TASK DETAILS => Print out the data precisely as it appears here, with no pictures.

(DATA SHOWN)

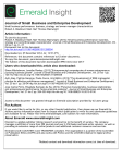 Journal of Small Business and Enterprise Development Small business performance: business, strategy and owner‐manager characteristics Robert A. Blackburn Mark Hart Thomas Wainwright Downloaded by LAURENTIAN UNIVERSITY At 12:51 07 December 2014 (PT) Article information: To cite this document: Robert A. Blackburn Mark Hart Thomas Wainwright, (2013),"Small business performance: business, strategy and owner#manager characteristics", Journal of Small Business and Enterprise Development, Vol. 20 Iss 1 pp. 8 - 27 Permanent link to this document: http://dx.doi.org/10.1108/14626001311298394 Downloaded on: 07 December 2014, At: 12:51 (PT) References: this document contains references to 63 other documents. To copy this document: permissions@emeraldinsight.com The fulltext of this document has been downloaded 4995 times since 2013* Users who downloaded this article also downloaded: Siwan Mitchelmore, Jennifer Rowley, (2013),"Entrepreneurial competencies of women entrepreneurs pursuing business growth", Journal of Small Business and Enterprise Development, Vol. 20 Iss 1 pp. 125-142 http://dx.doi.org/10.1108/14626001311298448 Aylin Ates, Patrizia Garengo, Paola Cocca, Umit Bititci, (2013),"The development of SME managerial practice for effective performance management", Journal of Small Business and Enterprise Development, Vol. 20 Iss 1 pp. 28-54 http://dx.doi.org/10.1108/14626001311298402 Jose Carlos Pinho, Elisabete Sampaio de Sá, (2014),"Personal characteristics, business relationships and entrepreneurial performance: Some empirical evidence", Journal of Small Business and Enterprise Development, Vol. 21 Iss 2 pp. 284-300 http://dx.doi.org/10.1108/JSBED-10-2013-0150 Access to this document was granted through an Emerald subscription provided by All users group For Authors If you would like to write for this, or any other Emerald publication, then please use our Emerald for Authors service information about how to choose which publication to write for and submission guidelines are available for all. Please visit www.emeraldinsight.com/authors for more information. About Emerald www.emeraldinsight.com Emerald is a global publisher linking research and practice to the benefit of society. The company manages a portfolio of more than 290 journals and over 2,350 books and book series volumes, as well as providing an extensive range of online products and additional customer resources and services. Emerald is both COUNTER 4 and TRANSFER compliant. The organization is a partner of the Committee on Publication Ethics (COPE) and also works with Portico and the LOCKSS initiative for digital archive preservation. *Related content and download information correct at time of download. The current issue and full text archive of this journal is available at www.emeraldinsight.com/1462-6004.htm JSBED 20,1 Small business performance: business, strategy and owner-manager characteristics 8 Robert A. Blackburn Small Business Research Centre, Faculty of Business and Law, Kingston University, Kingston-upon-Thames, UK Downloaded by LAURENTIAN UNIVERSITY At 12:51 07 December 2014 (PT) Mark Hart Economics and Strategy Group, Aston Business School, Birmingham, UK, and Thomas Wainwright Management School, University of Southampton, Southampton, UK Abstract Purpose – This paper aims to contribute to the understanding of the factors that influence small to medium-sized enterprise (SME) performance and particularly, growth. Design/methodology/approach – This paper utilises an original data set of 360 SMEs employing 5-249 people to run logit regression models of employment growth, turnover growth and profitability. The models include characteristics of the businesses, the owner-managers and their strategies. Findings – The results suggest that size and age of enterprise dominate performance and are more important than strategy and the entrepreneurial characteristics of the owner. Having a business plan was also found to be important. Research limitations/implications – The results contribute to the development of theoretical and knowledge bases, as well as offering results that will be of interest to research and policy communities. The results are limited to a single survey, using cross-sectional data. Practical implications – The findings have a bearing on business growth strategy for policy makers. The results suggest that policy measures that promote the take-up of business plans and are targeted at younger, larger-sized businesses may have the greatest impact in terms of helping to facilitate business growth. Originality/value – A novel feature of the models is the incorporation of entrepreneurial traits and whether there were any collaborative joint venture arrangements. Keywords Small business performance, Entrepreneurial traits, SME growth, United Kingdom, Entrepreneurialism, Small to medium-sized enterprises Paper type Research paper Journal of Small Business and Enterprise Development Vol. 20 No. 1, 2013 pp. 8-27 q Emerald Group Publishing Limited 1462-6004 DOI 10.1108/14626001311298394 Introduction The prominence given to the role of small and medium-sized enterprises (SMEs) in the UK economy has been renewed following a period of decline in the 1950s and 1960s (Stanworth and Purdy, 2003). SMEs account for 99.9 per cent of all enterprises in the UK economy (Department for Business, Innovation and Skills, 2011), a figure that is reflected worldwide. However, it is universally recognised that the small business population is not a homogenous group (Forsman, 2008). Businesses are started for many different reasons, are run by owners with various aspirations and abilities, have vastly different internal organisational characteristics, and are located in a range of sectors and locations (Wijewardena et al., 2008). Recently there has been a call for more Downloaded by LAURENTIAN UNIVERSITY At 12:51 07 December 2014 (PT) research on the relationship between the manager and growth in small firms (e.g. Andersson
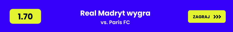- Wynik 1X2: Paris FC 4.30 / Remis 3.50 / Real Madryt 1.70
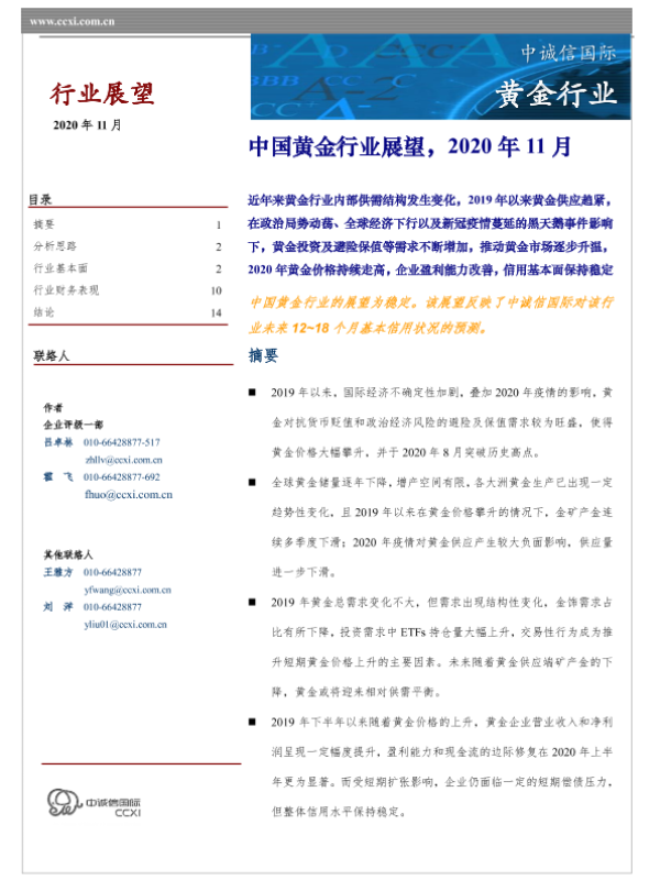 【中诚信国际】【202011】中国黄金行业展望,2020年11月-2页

(End DATA SHOWN)

ANSWER FOR THIS EXERCISE =>
 Journal of Small Business and Enterprise Development Small business performance: business, strategy and owner‐manager characteristics Robert A. Blackburn Mark Hart Thomas Wainwright Downloaded by LAURENTIAN UNIVERSITY At 12:51 07 December 2014 (PT) Article information: To cite this document: Robert A. Blackburn Mark Hart Thomas Wainwright, (2013),"Small business performance: business, strategy and owner#manager characteristics", Journal of Small Business and Enterprise Development, Vol. 20 Iss 1 pp. 8 - 27 Permanent link to this document: http://dx.doi.org/10.1108/14626001311298394 Downloaded on: 07 December 2014, At: 12:51 (PT) References: this document contains references to 63 other documents. To copy this document: permissions@emeraldinsight.com The fulltext of this document has been downloaded 4995 times since 2013* Users who downloaded this article also downloaded: Siwan Mitchelmore, Jennifer Rowley, (2013),"Entrepreneurial competencies of women entrepreneurs pursuing business growth", Journal of Small Business and Enterprise Development, Vol. 20 Iss 1 pp. 125-142 http://dx.doi.org/10.1108/14626001311298448 Aylin Ates, Patrizia Garengo, Paola Cocca, Umit Bititci, (2013),"The development of SME managerial practice for effective performance management", Journal of Small Business and Enterprise Development, Vol. 20 Iss 1 pp. 28-54 http://dx.doi.org/10.1108/14626001311298402 Jose Carlos Pinho, Elisabete Sampaio de Sá, (2014),"Personal characteristics, business relationships and entrepreneurial performance: Some empirical evidence", Journal of Small Business and Enterprise Development, Vol. 21 Iss 2 pp. 284-300 http://dx.doi.org/10.1108/JSBED-10-2013-0150 Access to this document was granted through an Emerald subscription provided by All users group For Authors If you would like to write for this, or any other Emerald publication, then please use our Emerald for Authors service information about how to choose which publication to write for and submission guidelines are available for all. Please visit www.emeraldinsight.com/authors for more information. About Emerald www.emeraldinsight.com Emerald is a global publisher linking research and practice to the benefit of society. The company manages a portfolio of more than 290 journals and over 2,350 books and book series volumes, as well as providing an extensive range of online products and additional customer resources and services. Emerald is both COUNTER 4 and TRANSFER compliant. The organization is a partner of the Committee on Publication Ethics (COPE) and also works with Portico and the LOCKSS initiative for digital archive preservation. *Related content and download information correct at time of download. The current issue and full text archive of this journal is available at www.emeraldinsight.com/1462-6004.htm JSBED 20,1 Small business performance: business, strategy and owner-manager characteristics 8 Robert A. Blackburn Small Business Research Centre, Faculty of Business and Law, Kingston University, Kingston-upon-Thames, UK Downloaded by LAURENTIAN UNIVERSITY At 12:51 07 December 2014 (PT) Mark Hart Economics and Strategy Group, Aston Business School, Birmingham, UK, and Thomas Wainwright Management School, University of Southampton, Southampton, UK Abstract Purpose – This paper aims to contribute to the understanding of the factors that influence small to medium-sized enterprise (SME) performance and particularly, growth. Design/methodology/approach – This paper utilises an original data set of 360 SMEs employing 5-249 people to run logit regression models of employment growth, turnover growth and profitability. The models include characteristics of the businesses, the owner-managers and their strategies. Findings – The results suggest that size and age of enterprise dominate performance and are more important than strategy and the entrepreneurial characteristics of the owner. Having a business plan was also found to be important. Research limitations/implications – The results contribute to the development of theoretical and knowledge bases, as well as offering results that will be of interest to research and policy communities. The results are limited to a single survey, using cross-sectional data. Practical implications – The findings have a bearing on business growth strategy for policy makers. The results suggest that policy measures that promote the take-up of business plans and are targeted at younger, larger-sized businesses may have the greatest impact in terms of helping to facilitate business growth. Originality/value – A novel feature of the models is the incorporation of entrepreneurial traits and whether there were any collaborative joint venture arrangements. Keywords Small business performance, Entrepreneurial traits, SME growth, United Kingdom, Entrepreneurialism, Small to medium-sized enterprises Paper type Research paper Journal of Small Business and Enterprise Development Vol. 20 No. 1, 2013 pp. 8-27 q Emerald Group Publishing Limited 1462-6004 DOI 10.1108/14626001311298394 Introduction The prominence given to the role of small and medium-sized enterprises (SMEs) in the UK economy has been renewed following a period of decline in the 1950s and 1960s (Stanworth and Purdy, 2003). SMEs account for 99.9 per cent of all enterprises in the UK economy (Department for Business, Innovation and Skills, 2011), a figure that is reflected worldwide. However, it is universally recognised that the small business population is not a homogenous group (Forsman, 2008). Businesses are started for many different reasons, are run by owners with various aspirations and abilities, have vastly different internal organisational characteristics, and are located in a range of sectors and locations (Wijewardena et al., 2008). Recently there has been a call for more Downloaded by LAURENTIAN UNIVERSITY At 12:51 07 December 2014 (PT) research on the relationship between the manager and growth in small firms (e.g. Andersson
- Wynik 1X2: Paris FC 4.30 / Remis 3.50 / Real Madryt 1.70
 【中诚信国际】【202011】中国黄金行业展望,2020年11月-2页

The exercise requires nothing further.